W.H. Over Museum in Vermillion also commissioned a piece that Penn calls "in the Charles Russell style." The museum is building a room to showcase the painting.
Penn has not yet seen the movie Dances With Wolves but says he was glad to hear it is not just another movie where the white super-hero comes along and saves the Indian. "I understand that (Costner as) Lt. Dunbar is respectful and inquisitive, willing to let the world be what it should be."
Penn added, "I try to approach my art the same way. To be prejudiced closes so many doors to things you can learn."
A look around his workshop makes it obvious that Penn, like his mentor Howe, is stretching the limits of what might be considered traditional. Abstracts, still lifes and unusual landscapes are on canvasses. With a smile, he notes that anything he does is Indian art solely because he is Indian.
"The important thing is not to draw limits for myself, but to continue exploring new media and styles," he says. "If a brush stroke doesn't give me the effect I'm seeking, I may go into the yard for a misshapen twig. Art is what forces me to grow ... my desire is just so strong."
The crow watches, always, from his roost by the farmhouse window.

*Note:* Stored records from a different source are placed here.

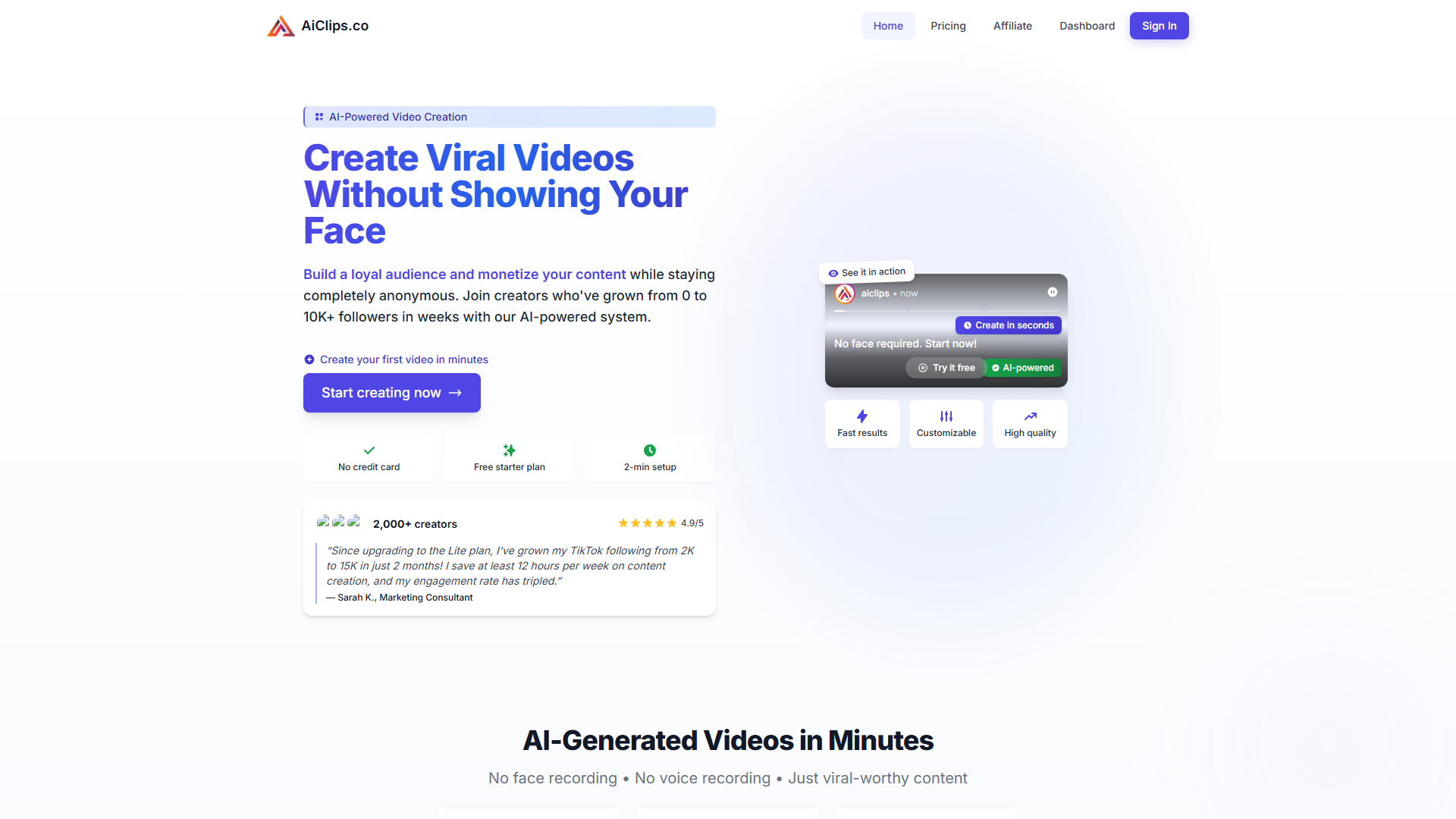 AiClips.co utilizes AI technology to generate unique video content automatically. Its AI engine is capable of producing customized video scripts and integrating high quality images tailored to a user's specific needs, resulting in unique faceless video clips.
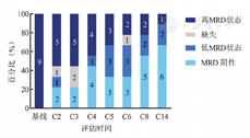 CLL的疗效评估依据中国慢性淋巴细胞白血病/小淋巴细胞淋巴瘤的诊断与治疗指南(2022年版)[10],SLL的疗效评估依据2014版Lugano标准[12],评估总缓解率(ORR)、CR率、不良反应事件(AE)及MRD。AE按照CTCAE 5.0标准分级。MRD阴性定义为多色流式细胞术检测残存白血病细胞<1×10-4[13]。低MRD状态定义为残存白血病细胞≥1×10-4且<1×10-2,高MRD状态定义为残存白血病细胞≥1×10-2。
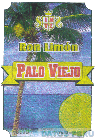 LA ETIQUETA DE BORDE COLOR NEGRO, CONTENIENDO LA FIGURA DE UN ESCUDO CORONADO CONTENIENDO LAS LETRAS I, M, V Y Z, EN LOS COLORES ROJO Y AMARILLO, EN LA PARTE CENTRAL SE APRECIA LA DENOMINACION PALO VIEJO ESCRITA EN LETRAS CARACTERISTICAS DE COLOR ROJO SOBRE LA FIGURA RECTANGULAR DE COLOR AMARILLO, EN LA PARTE INFERIOR DE LA ETIQUETA SE APRECIA LA FIGURA DE LA MITAD DE UN LIMON EN COLOR AMARILLO, EL FONDO DE LA ETIQUETA ESTA CONFORMADO POR LA FIGURA DE UNA PALMERA, EL MAR Y EL CIELO; EN LOS COLORES MARRON, VERDE, AZUL Y CELESTE; CONFORME AL MODELO ADJUNTO,
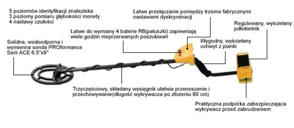 Dyskryminacja pozwalająca na rozróżnianie kategorii wykrywanych obiektów, regulowana czułość, wysoka jakość wykonania, energooszczędność i niezwykła prostota obsługi powodują, że detektory metalu serii Ace są niezwykle skutecznymi i efektywnymi urządzeniami do poszukiwania zagubionych przedmiotów.
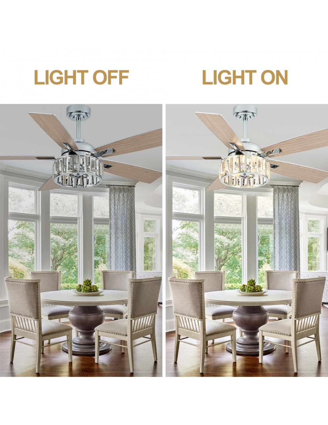 Oaks Aura 52" 5-Blade Ceiling Fan with Lights and Remote Control, 6-Speed DC Motor,...
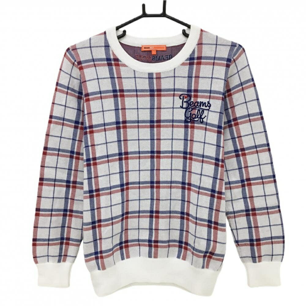 - 【美品】ビームスゴルフ セーター 白×ブルー チェック ロゴ刺しゅう コットン100% レディース L ゴルフウェア BEA...
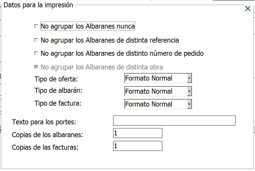 Por otro lado, debes saber que puedes configurar cómo Secre agrupa las facturas de cada cliente desde su ficha. Para ello, desde la ficha de dicho cliente, navega a Ver>Datos para la impresión, en esta pantalla podrás configurar la agrupación de las facturas como necesites:
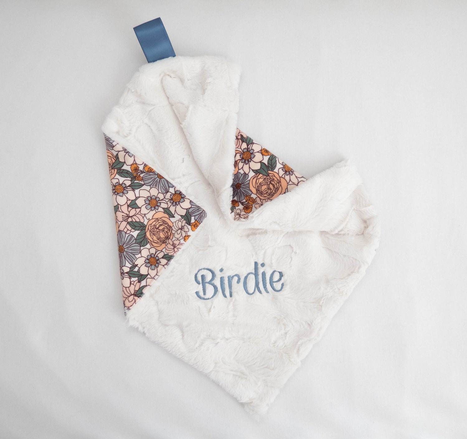 This handmade lovey can be personalized with your baby girl's name. Each name is custom embroidered during the process of making your personalized blanket. Both sides of the blanket are made of very soft minky, so no matter which side is used, baby will love the feel.
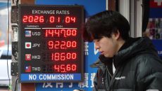 (서울=뉴스1) 이광호 기자 = 4일 서울 중구 명동의 환전소에서 외국인 관광객들이 환전을 하고 있다. 지난해 원/달러 환율- 2026-01-04 13:20
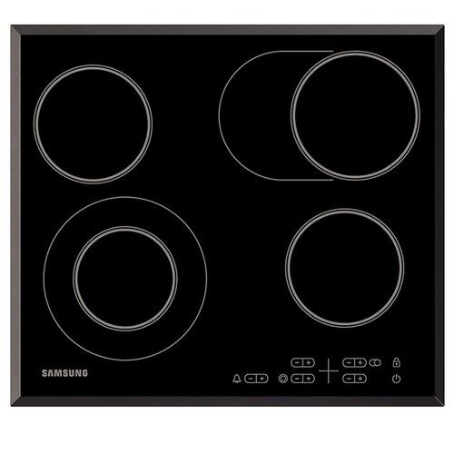 Стеклокерамическая варочная поверхность имеет сенсорное управление для четырех высокотехнологичных зон с мощными нагревательными элементами.
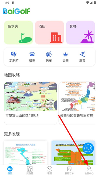 1、打開百高app,點擊底部導(dǎo)航欄中的會員中心選項,進(jìn)入會員中心頁面。
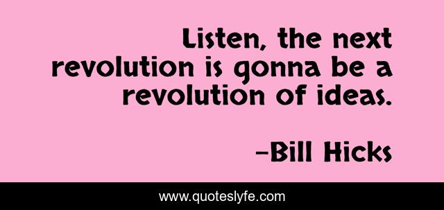 This page presents the quote "Listen, the next revolution is gonna be a revolution of ideas.". Author of this quote is Bill Hicks. This quote is about revolution, ideas,.
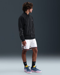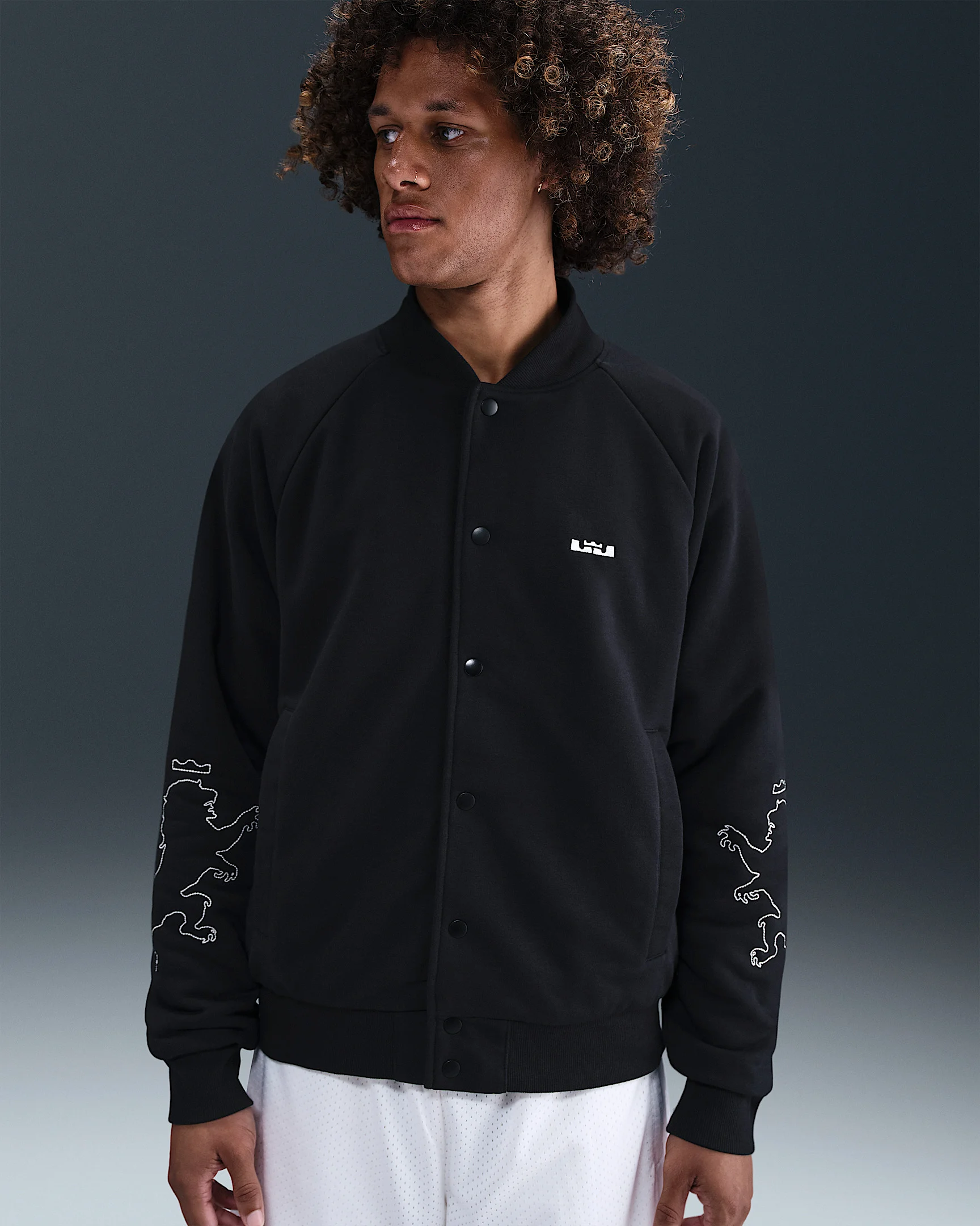 This premium Therma-FIT jacket celebrates LeBron’s reign that’s stood the test of time. Built for cold weather, it combines performance fleece and quilted synthetic insulation for unmatched warmth worthy of basketball royalty. Product Details - Snap-button front closure - Welted hand pockets - Ribbed collar, cuffs and hem - Body: 54% polyester/46% cotton. Rib: 96% cotton/4% spandex. Lining/Fill: 100% polyester. - Machine wash - Imported - Shown: Black/Sail/Black - Style: HV3498-010 SIZE & FIT Model is wearing size M and is 6′2″188cm Standard fit: easy and traditional
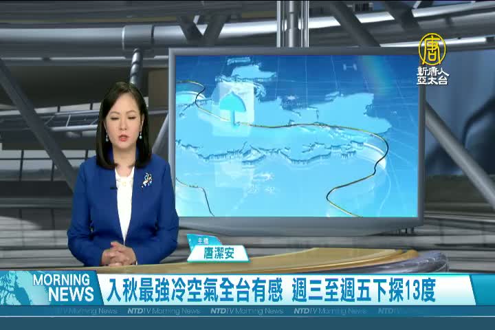 【新唐人亞太台 2021 年 11 月 09 日訊】歡迎您收看11月9日的早安新唐人,我是唐潔安,先來帶您關心天氣。冷空氣來襲,各地明顯轉涼,北臺灣及宜蘭不超過20度,花東21至23度,中南部仍有26至28度,但日夜溫差較大,週三至週五氣溫再下降,北部低溫降至13至15度,是這波冷空氣威力最強的時候,其他地方,早晚也較涼;各地降雨會明顯減少。帶您一起來看到國際媒體重要訊息。
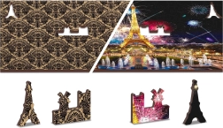 Asamblează motivul colorat al Parisului de noapte sau verso-ul cu model repetitiv doar după formele pieselor. Două provocări într-o singură cutie.
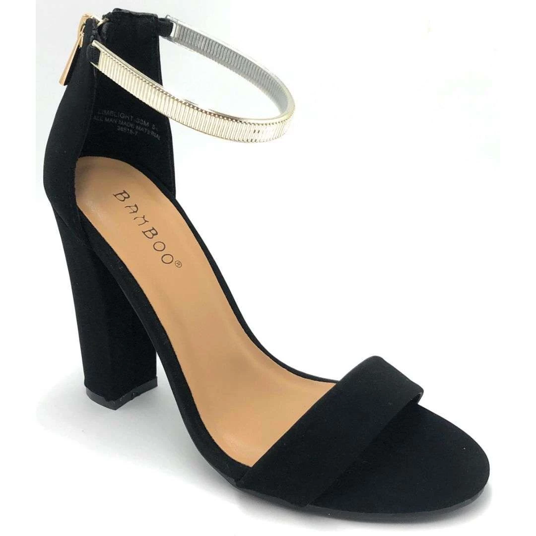 Bamboo Chunky Block High Heel Ankle Strap Back Zipper Closure New Style Party Dress Evening Fashion Women’s Shoe
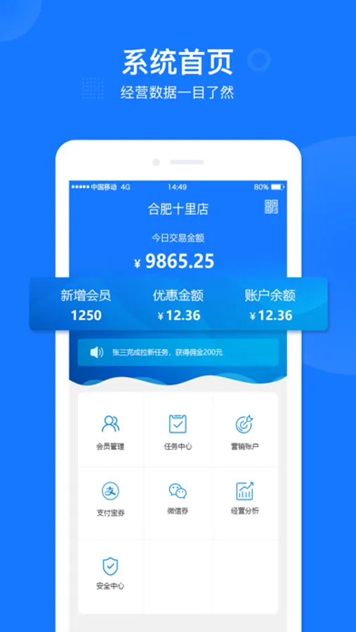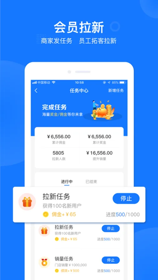 -【任务】任务大厅支持拉新会员任务和门店销售额任何两种形式,通过量化任务指标及清晰的任务进度报表,便于商户更好的掌握员工的绩效及任务的整体进度;
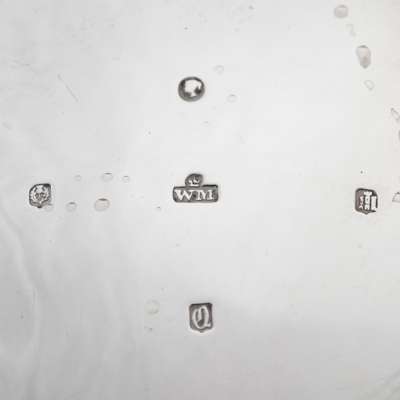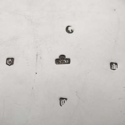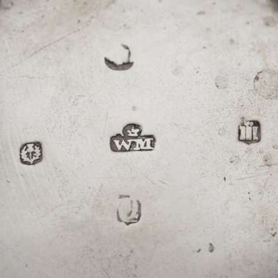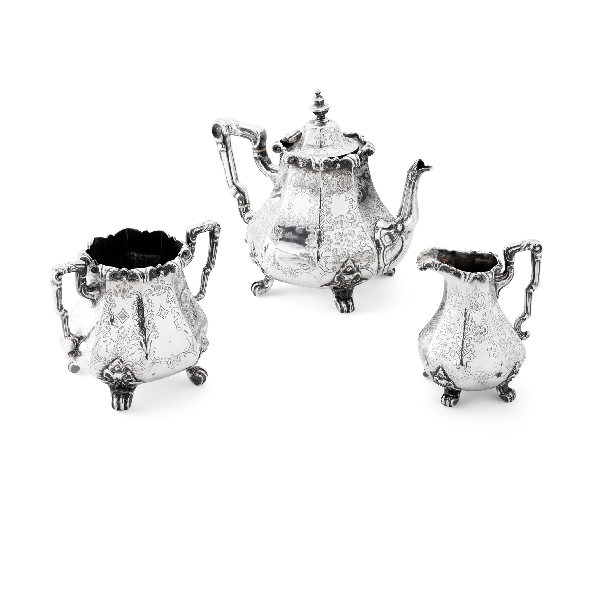 comprising teapot, twin handled sugar bowl and milk jug, of panelled octagonal form with engraved scroll and floral decoration, angular reeded handle and raised on bracket feet
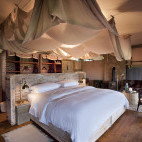 Somalisa Camp is designed to have a low environmental impact, and provide a barefoot luxury experience with understated elegance. Although solar power conveniently provides lighting, water for bucket showers in the en suite outdoor bathrooms is heated on a boiler and brought on demand. The décor and furnishings are unabashedly old-fashioned, redolent of a bygone era, with lots of dark wood.
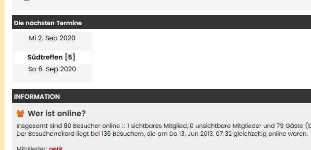 Auf der Startseite des Forums werden im unteren Bereich die anstehenden Termine angezeigt:
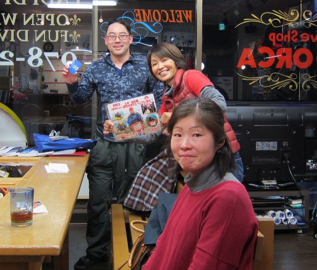 | 2018年3月7日(水) おめでたいっ! 明日からまたお天気下り坂だそうですね~(>_<) でも、週末は晴れ予報なので、よしとしましょう♪ さて、水曜の昼下がり~ KさんとUちゃんがお越しになりました! Kさん、実は私がまだまだペーペーダイバーだった頃に ツアーでご一緒させていただいたこともあるんです~(^-^) また海でも宜しくお願いします!! Uちゃんもパラオのお休み取れてよかったですね~♪ 宜しくお願いします!! ![]() 夜にはおめでたいお二人もご来店♪ 実は・・・婚姻届けの証人欄にサインさせていただきました~(≧▼≦) 実物の婚姻届け初めてみました(笑) 結婚式も近づいてきましたねぇ、末永くお幸せに~(*^_^*) そして、末永くダイビングも続けていきましょうね~っ!! ![]() 明日 木曜日は春の嵐になるそうです。 皆様、くれぐれもお気を付けくださいね(^_-)-☆ お店は嵐がこようがなんだろうが開いてますので 遊びにいらしてくださいね~っ!! |
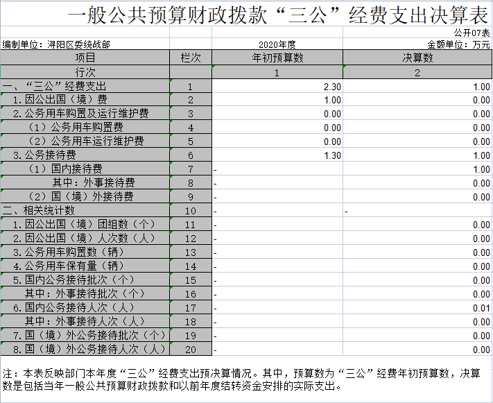 本部门2020年度一般公共预算财政拨款“三公”经费支出年初预算数为2.3万元,决算数为1万元,完成预算的43.48%,决算数较2019年减少0.33万元,下降24.81%,其中:
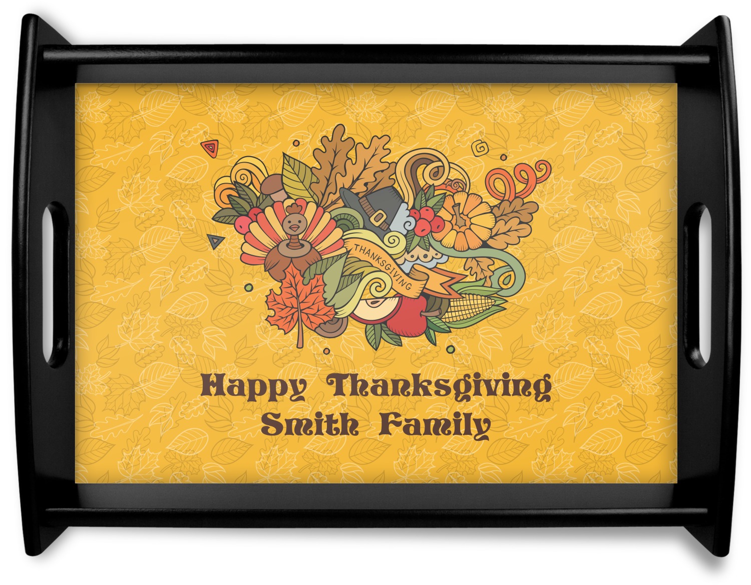 This serving tray with handles features square edges and two rounded sides, creating a very modern look. Each side is fabricated from a beautifully cut, natural wood. The bottom of the interior of the tray displays your customized design in bright, vibrant color. The tray is sold in both a black color and a natural wood look. Each variation of the wood serving tray has two sizes: Small, which is 14" x 10" x 2.25", and Large, which is 19.5" x 13.5" x 2.75".
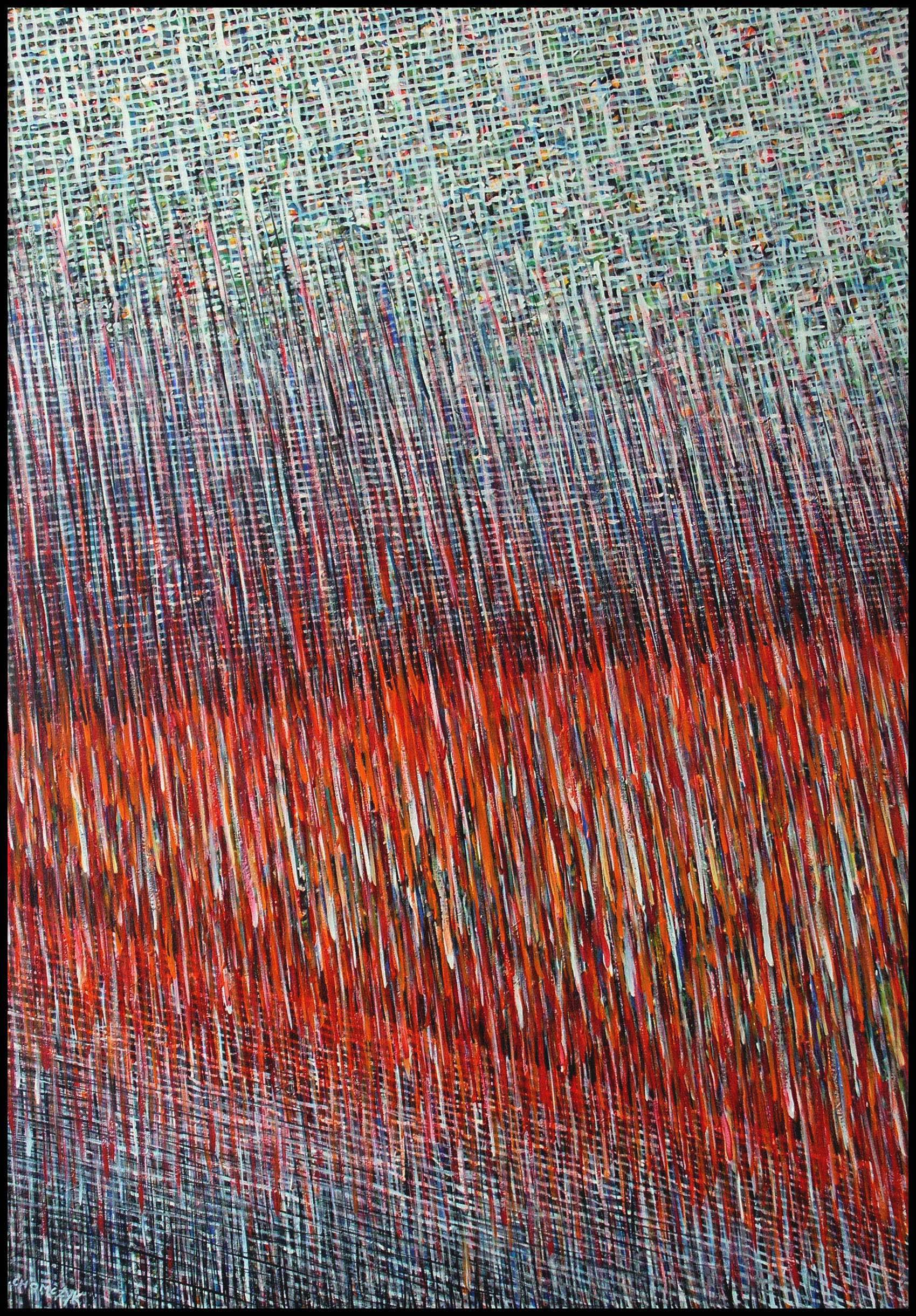 Obraz emanuje intensywnością kolorów i dynamiczną kompozycją. Pionowe linie, przechodzące od chłodnych, niebieskawych tonów u góry, poprzez gorące czerwienie i pomarańcze, aż po ciemne, głębokie barwy na dole, tworzą wrażenie ruchu. Całość wygląda jak wizualny taniec, który zatrzymał się na płótnie. Wydaje się, że każda linia jest jak kropla deszczu, spływająca po szybkim, chaotycznym deszczu. Atmosfera jest burzliwa i pełna energii. Obraz wyzwala uczucie lekkiego niepokoju, jakby coś wielkiego miało się wydarzyć. Styl malarski przypomina abstrakcyjny ekspresjonizm, w którym emocje mają pierwszeństwo przed formą. Technika warstwowego nakładania farby tworzy głębokość i teksturę, zachęcając oko do odkrywania każdego detalu. Obraz może wywoływać różne emocje. Dla jednych to chaos, dla innych harmonia kolorów. Jest jak kalejdoskop, który z każdym spojrzeniem odkrywa coś nowego. Wow, ale to wygląda jak gorące płomienie! Dziecięca wyobraźnia może widzieć tu kaskadę spadających liści jesienią. To artystyczne "rush" porywa nas w podróż do wnętrza emocji. Moje pierwsze wrażenie to zachwyt nad dynamiką i rozmachem dzieła. Obraz mówi dynamiką i siłą koloru, niekoniecznie słowami. Przez jego intensywność można odczuć nie tylko piękno, ale i pewną surowość chwili. Patrząc na to dzieło, można poczuć falę energii, która podąża za każdym pociągnięciem pędzla.
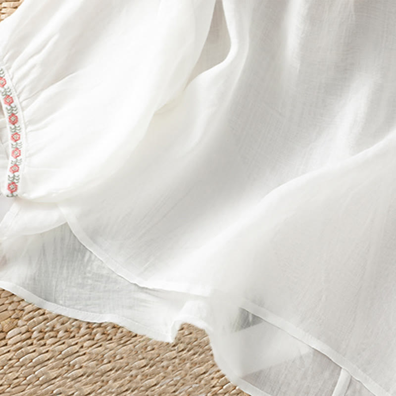 Buddha Stones Embroidery Button Three Quarter Sleeve Notched Neck Women's Cotton Shirt - White - US12,UK/AU16,EU44 (2XL) - image 16
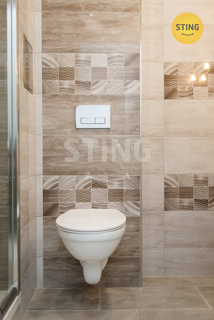 s osvětlením, závěsné WC. Obklady a dlažba v nadčasových odstínech

And the crow often appears in his works. Penn calls it his personal totem.
"Birds were important to the Indian," he explained. "They could fly higher, carry the prayers closer to God. I chose the crow because of its cunning, its adaptability, and ability to survive. The crow is the organic shape of many of my works that balances the harder edges. For a good painting I try to find a balance; I try to live my life the same way."
Rick Geyerman, of Mitchell, was a classmate of Bob Penn at USD in the 1960s. One of his avocations is freelance writing.